What to do :: Your answer should be the records again, unchanged in wording and free of images.

=-=-=-=-=

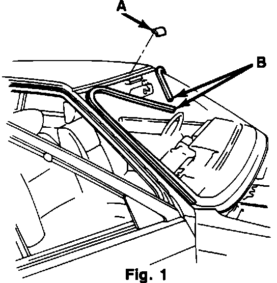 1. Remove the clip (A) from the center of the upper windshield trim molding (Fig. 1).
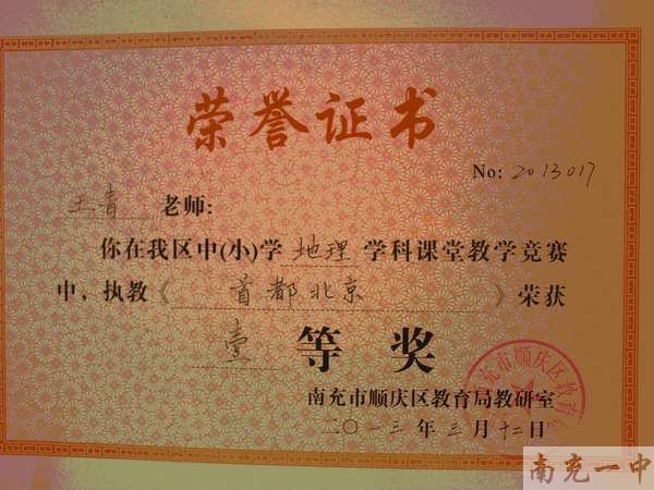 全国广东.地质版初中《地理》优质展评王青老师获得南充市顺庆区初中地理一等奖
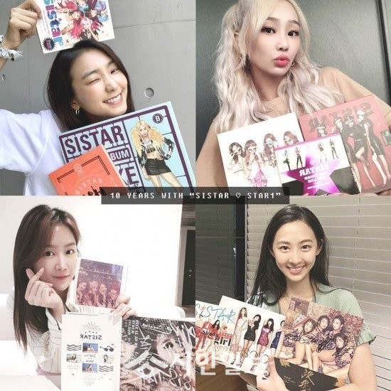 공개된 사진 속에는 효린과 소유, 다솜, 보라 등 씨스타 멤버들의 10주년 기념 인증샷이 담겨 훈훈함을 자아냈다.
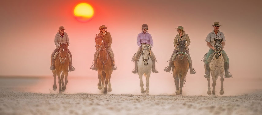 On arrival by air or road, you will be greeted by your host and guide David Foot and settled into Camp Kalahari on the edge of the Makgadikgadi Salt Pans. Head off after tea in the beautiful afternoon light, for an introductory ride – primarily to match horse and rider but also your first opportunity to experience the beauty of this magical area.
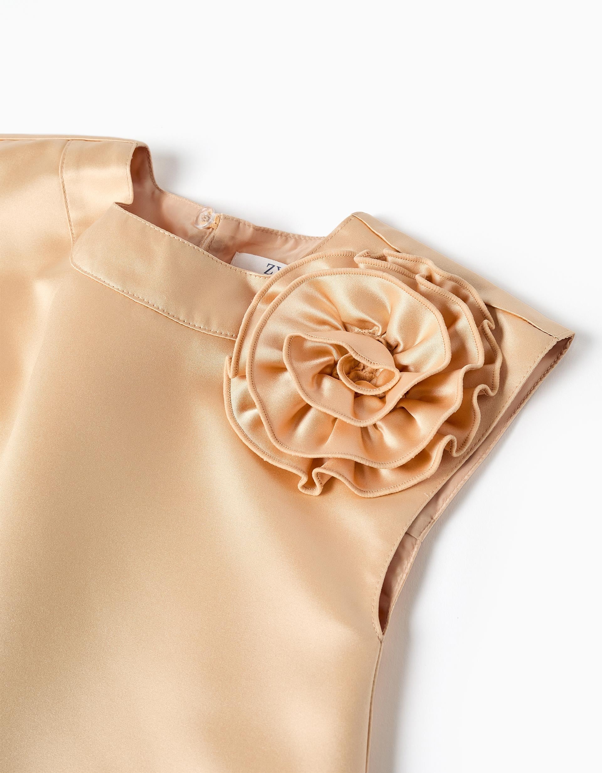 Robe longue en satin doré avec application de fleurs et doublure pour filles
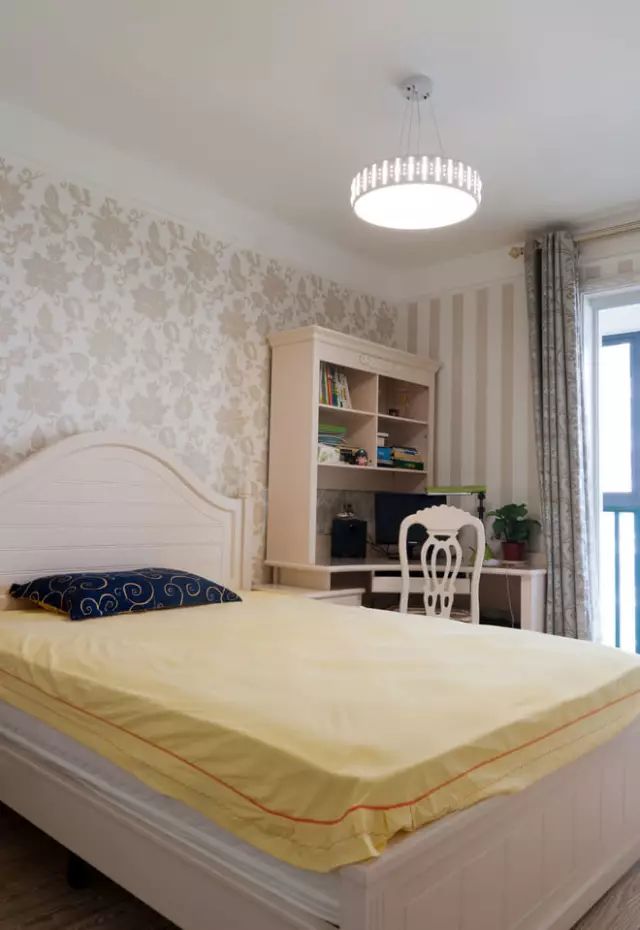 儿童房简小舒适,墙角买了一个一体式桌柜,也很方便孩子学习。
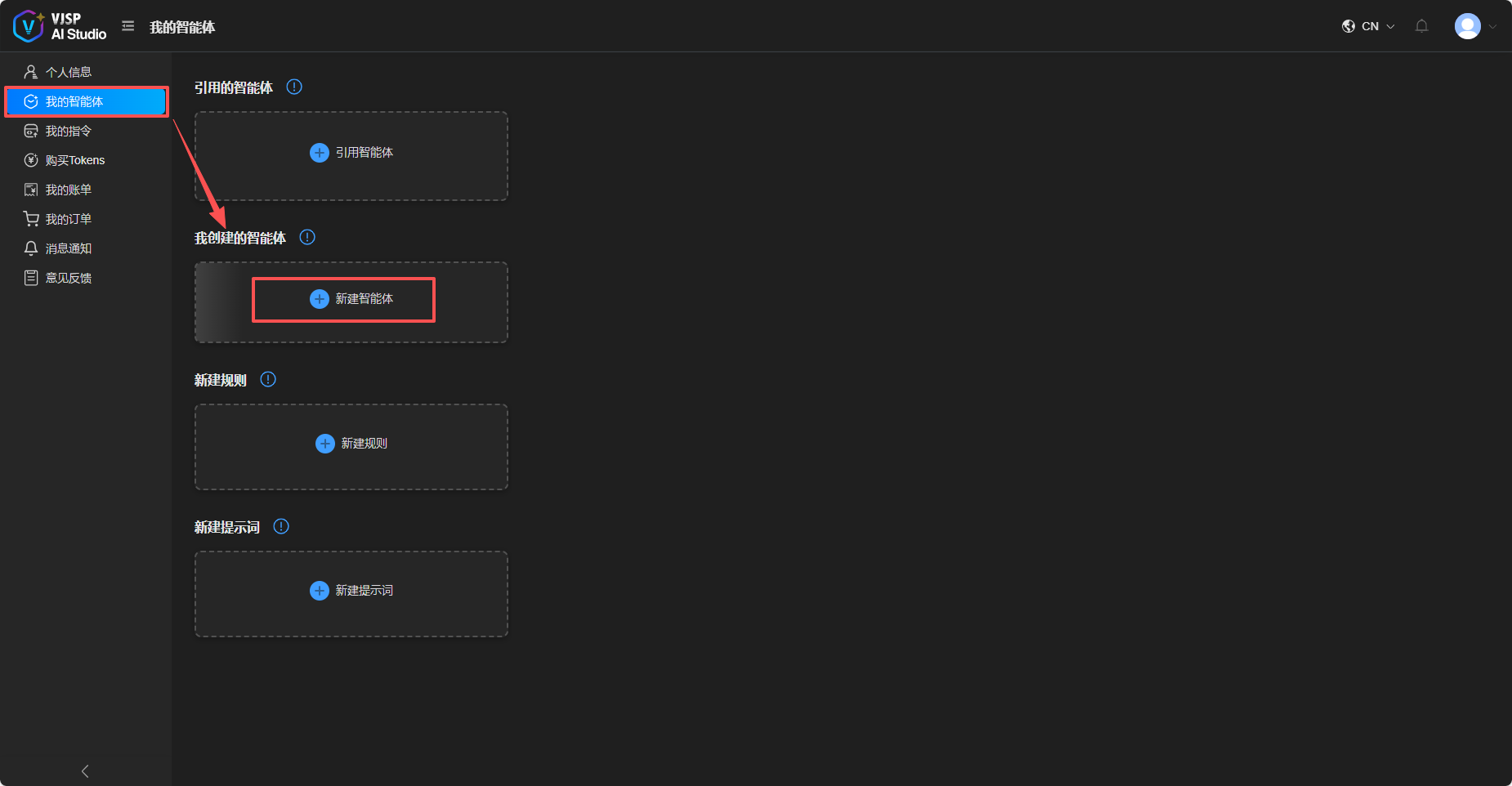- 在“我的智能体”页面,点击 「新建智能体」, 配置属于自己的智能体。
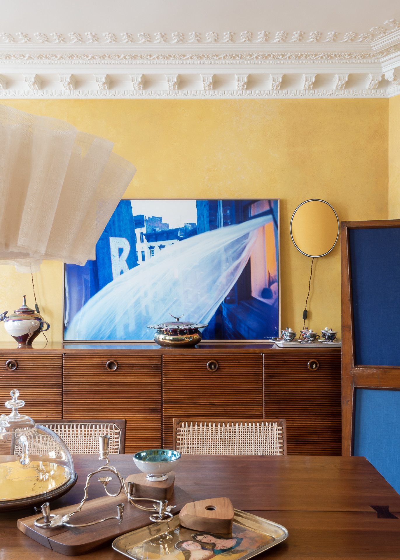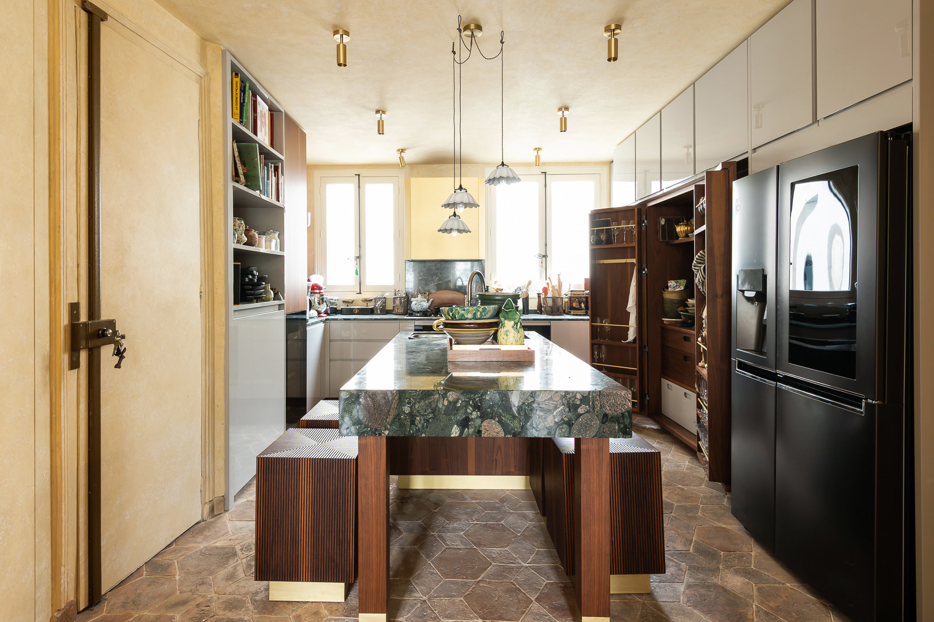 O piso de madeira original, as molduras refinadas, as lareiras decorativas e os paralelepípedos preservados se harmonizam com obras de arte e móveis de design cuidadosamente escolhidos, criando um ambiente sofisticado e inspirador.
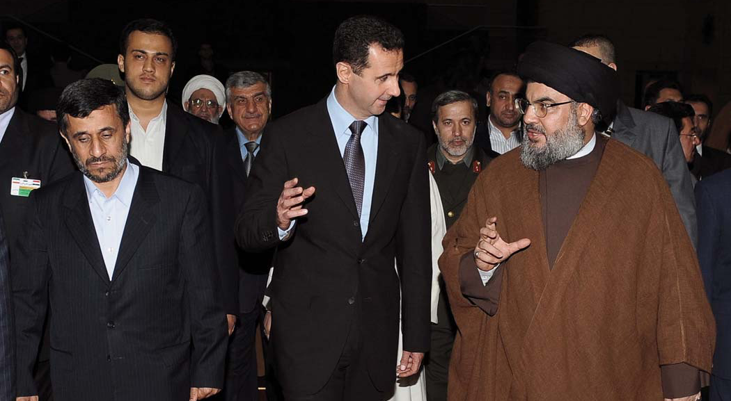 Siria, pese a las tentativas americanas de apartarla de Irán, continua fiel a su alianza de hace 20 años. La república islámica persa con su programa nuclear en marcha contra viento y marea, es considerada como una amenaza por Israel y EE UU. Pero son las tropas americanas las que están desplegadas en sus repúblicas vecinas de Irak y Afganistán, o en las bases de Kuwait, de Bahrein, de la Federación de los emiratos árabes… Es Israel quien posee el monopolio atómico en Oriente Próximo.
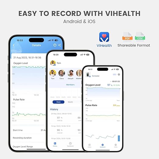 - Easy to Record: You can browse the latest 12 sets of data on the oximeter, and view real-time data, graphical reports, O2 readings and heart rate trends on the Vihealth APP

=-=-=-=-=

Solution for this task ::
 1. Remove the clip (A) from the center of the upper windshield trim molding (Fig. 1).
 全国广东.地质版初中《地理》优质展评王青老师获得南充市顺庆区初中地理一等奖
 공개된 사진 속에는 효린과 소유, 다솜, 보라 등 씨스타 멤버들의 10주년 기념 인증샷이 담겨 훈훈함을 자아냈다.
 On arrival by air or road, you will be greeted by your host and guide David Foot and settled into Camp Kalahari on the edge of the Makgadikgadi Salt Pans. Head off after tea in the beautiful afternoon light, for an introductory ride – primarily to match horse and rider but also your first opportunity to experience the beauty of this magical area.
 Robe longue en satin doré avec application de fleurs et doublure pour filles
 儿童房简小舒适,墙角买了一个一体式桌柜,也很方便孩子学习。
- 在“我的智能体”页面,点击 「新建智能体」, 配置属于自己的智能体。
 O piso de madeira original, as molduras refinadas, as lareiras decorativas e os paralelepípedos preservados se harmonizam com obras de arte e móveis de design cuidadosamente escolhidos, criando um ambiente sofisticado e inspirador.
 Siria, pese a las tentativas americanas de apartarla de Irán, continua fiel a su alianza de hace 20 años. La república islámica persa con su programa nuclear en marcha contra viento y marea, es considerada como una amenaza por Israel y EE UU. Pero son las tropas americanas las que están desplegadas en sus repúblicas vecinas de Irak y Afganistán, o en las bases de Kuwait, de Bahrein, de la Federación de los emiratos árabes… Es Israel quien posee el monopolio atómico en Oriente Próximo.
 - Easy to Record: You can browse the latest 12 sets of data on the oximeter, and view real-time data, graphical reports, O2 readings and heart rate trends on the Vihealth APP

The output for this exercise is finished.